Nowadays, according to Fields, our best defence against pests, when sprayed directly on grain, that is already infested:

  • malathion (at the rate of 1.6 kg/t grain)
  • diatomaceous earth (at the rate of 100-1000 ppm)

There are other chemicals at use to fumigate empty bins or packaged product, that supposedly never touch the grain itself.  These are protectives:

  • pyrethrins + piperonly butoxide
  • dichlorvos
  • cyfluthrin

And there are also poisonous fumigants, which are often augured into bins along with the grain, and the grain is left a couple of weeks or more until all the bugs are dead, and then the silos are aired out.  These are preventatives:

  • phosphine (usually aluminum phosphide pellets; or gaseous phosphine)
  • carbon dioxide (as a gas, or as dry ice), often used along with heat treatment

As for other products being tested against pests: quite often one finds studies that trial essential oils from various mint (Weaver, Bekele) or sage (Dunkel) or basil (Jembere) as fumigants.  Some of these oils or crushed leaves work remarkably well against some pests.  
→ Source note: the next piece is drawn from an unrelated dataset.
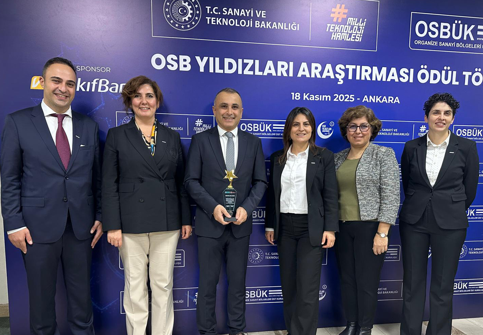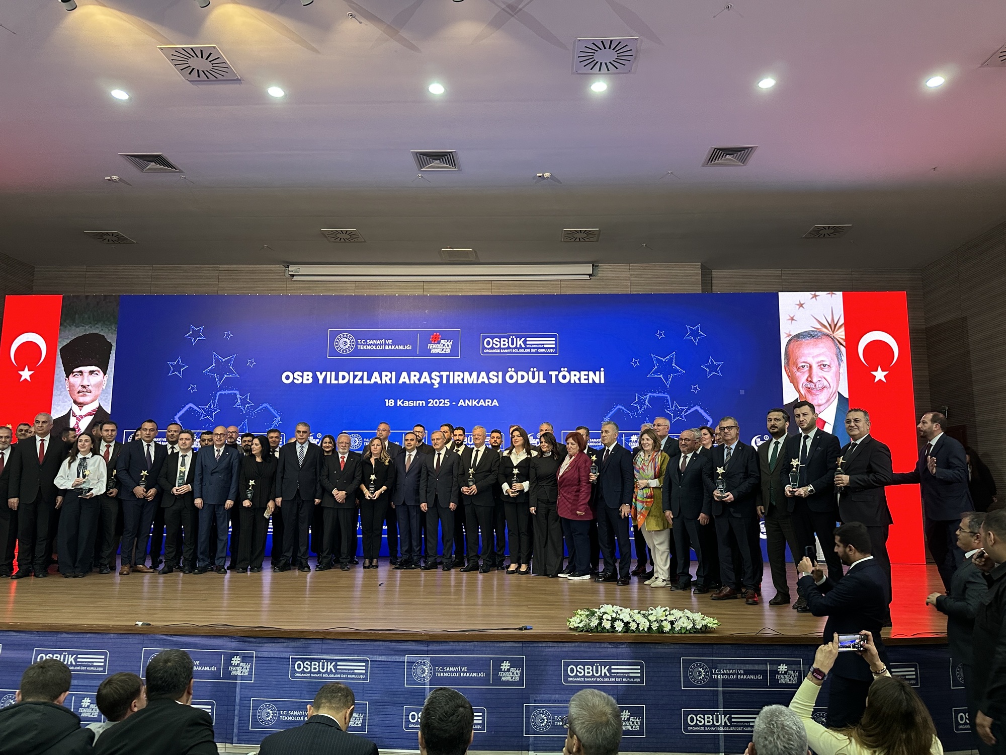 Organize Sanayi Bölgeleri Üst Kuruluşu (OSBÜK) tarafından bu yıl beşincisi düzenlenen OSB Yıldızları Araştırması Ödül Töreni, Sanayi ve Teknoloji Bakanı Sayın Mehmet Fatih Kacır’ın katılımlarıyla gerçekleştirildi.

According to Lisa Weasel, in her book "Food Fray: inside the controversy over genetically modified food" (2008), Bacillus thuriengensis (Bt) is a bacterium which can be sprayed on crops.  Different strains of the bacteria will target different insects in their larvae stage.  Rachel Carson, in her groundbreaking book, Silent Spring, said that Bt was an example of an environmentally friendly way to control pests.   Since the 1950's, it has been used by organic farmers as a protection against moths and butterflies.
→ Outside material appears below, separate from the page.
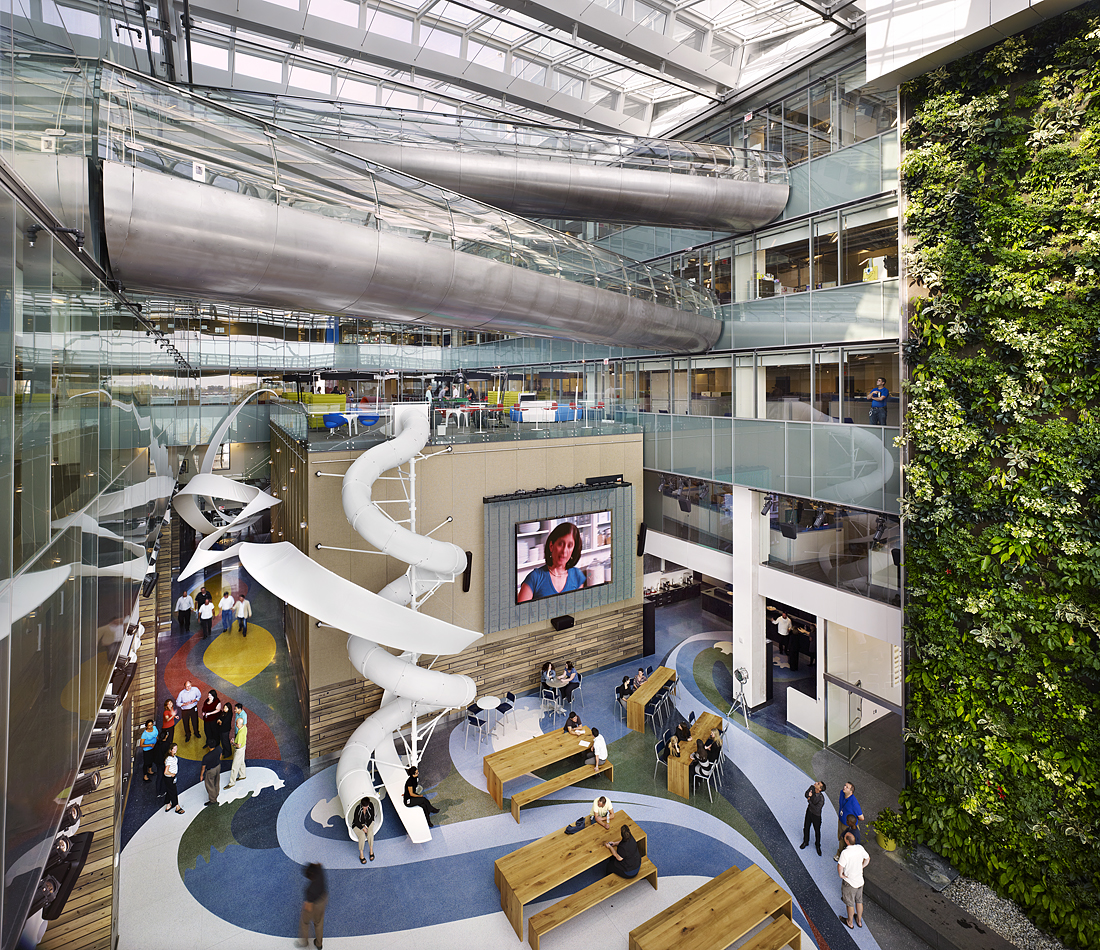 Examples? There we go! Meetings in the room which looks like a small jungle with over a hundred large plants, slides and sliding poles linking the floors, or ever-full fridges, up to 100 metres away from work stations. In a nap room full of aquariums, employees can take a nap in the bathtub filled with sponges. Employees have at their disposal free cafes and massages, a gaming room, concert and cinema halls as well as a private gym.

Weasel goes on to say that scientists at Monsanto have figured out precisely which genes the Bt bacteria use against pests.  They have spliced those genes onto the DNA of some plant seeds they have genetically altered and patented.  Recently this has caused a bit of an uproar in India, where Bt eggplants were first introduced, then withdrawn, then re-introduced, then boycotted, in the Indian food supply.  Bt cotton is commonplace now; but is it wise to put this insect-killing protein from bacteria inside our food?  

I think it is safe to say that so far, no one knows, and as Weasel points out, Rachel Carson would probably not approve.

Moths in your flour
I've recently met 3 different people who once bought their flour at Arva Flour Mills, but no longer do so because they said they found the flour contained moths.  "It could have been an isolated incident, they could have got into the flour after I got it home, I don't know," I am told.  "But I don't buy there any more."
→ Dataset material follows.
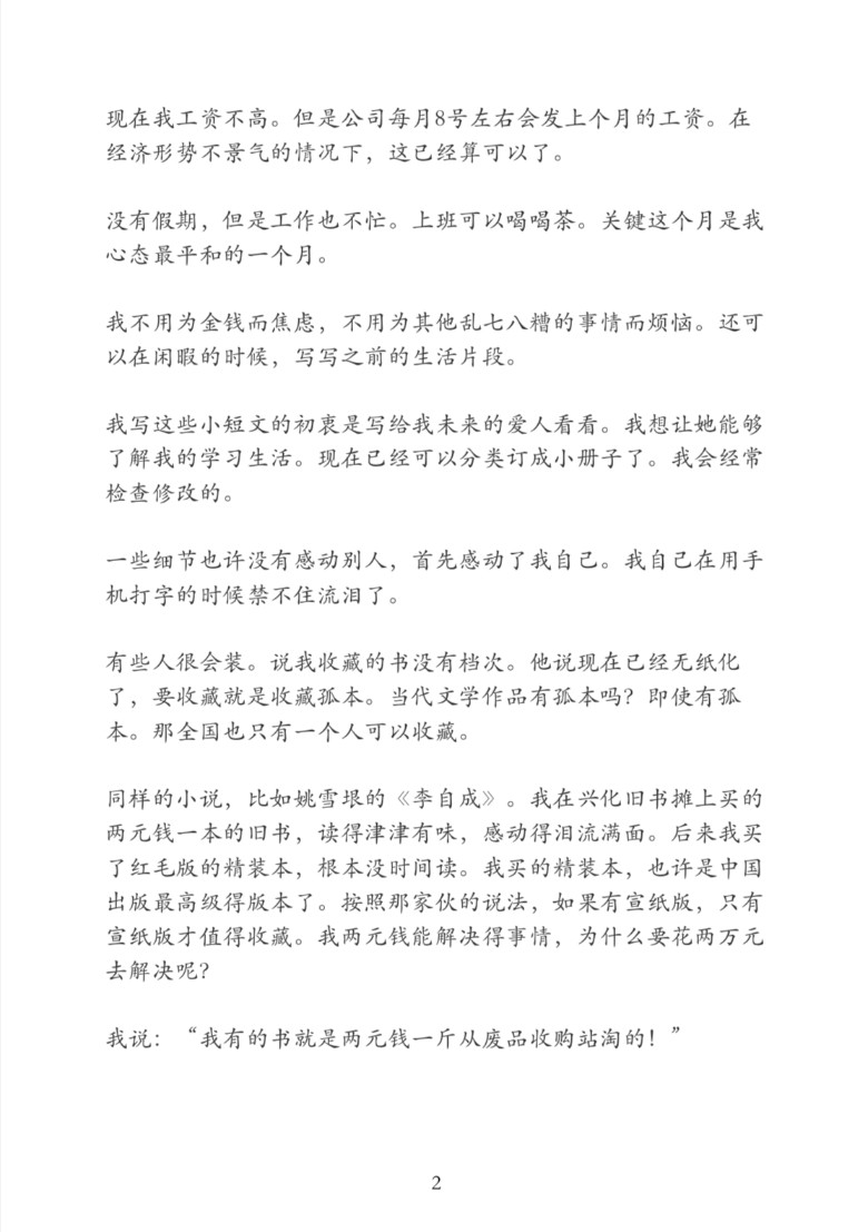 在关于书籍收藏的讨论中,作者鲜明地表达了对虚荣收藏观的不屑。以《李、自成》为例,旧书摊两元一本的版本能让他读得津津有味、感动落泪,而高价精装本却被束之高阁。这对比深刻揭示出,书籍的价值不在于版本多珍稀、价格多昂贵,而在于能否给人带来精神上的触动与享受。作者 “两元钱一斤从废品收购站淘书” 的表述,更是带着一种对质朴阅读与收藏的骄傲,彰显出不慕虚华、只求本真的生活与阅读态度,也引发读者思考,在物质丰富的当下,如何坚守内心的纯粹与对事物本质的追求。

Moths in flour are a concern, of course.  Nobody likes to throw out flour that seems infested.  Nobody likes to bring bugs into the home that can destroy food and clothing

But ask yourself why there are no moths in the white flour you buy at your local grocery store.  What has it been fumigated with, stored in, shipped in, to get to your kitchen pantry and remain free of life?

Results of this Bread
Not my best bread, not by a long shot.

It still tastes good, though.  Even if the crumb is a bit too moist and cake-like, even a bit gummy in texture.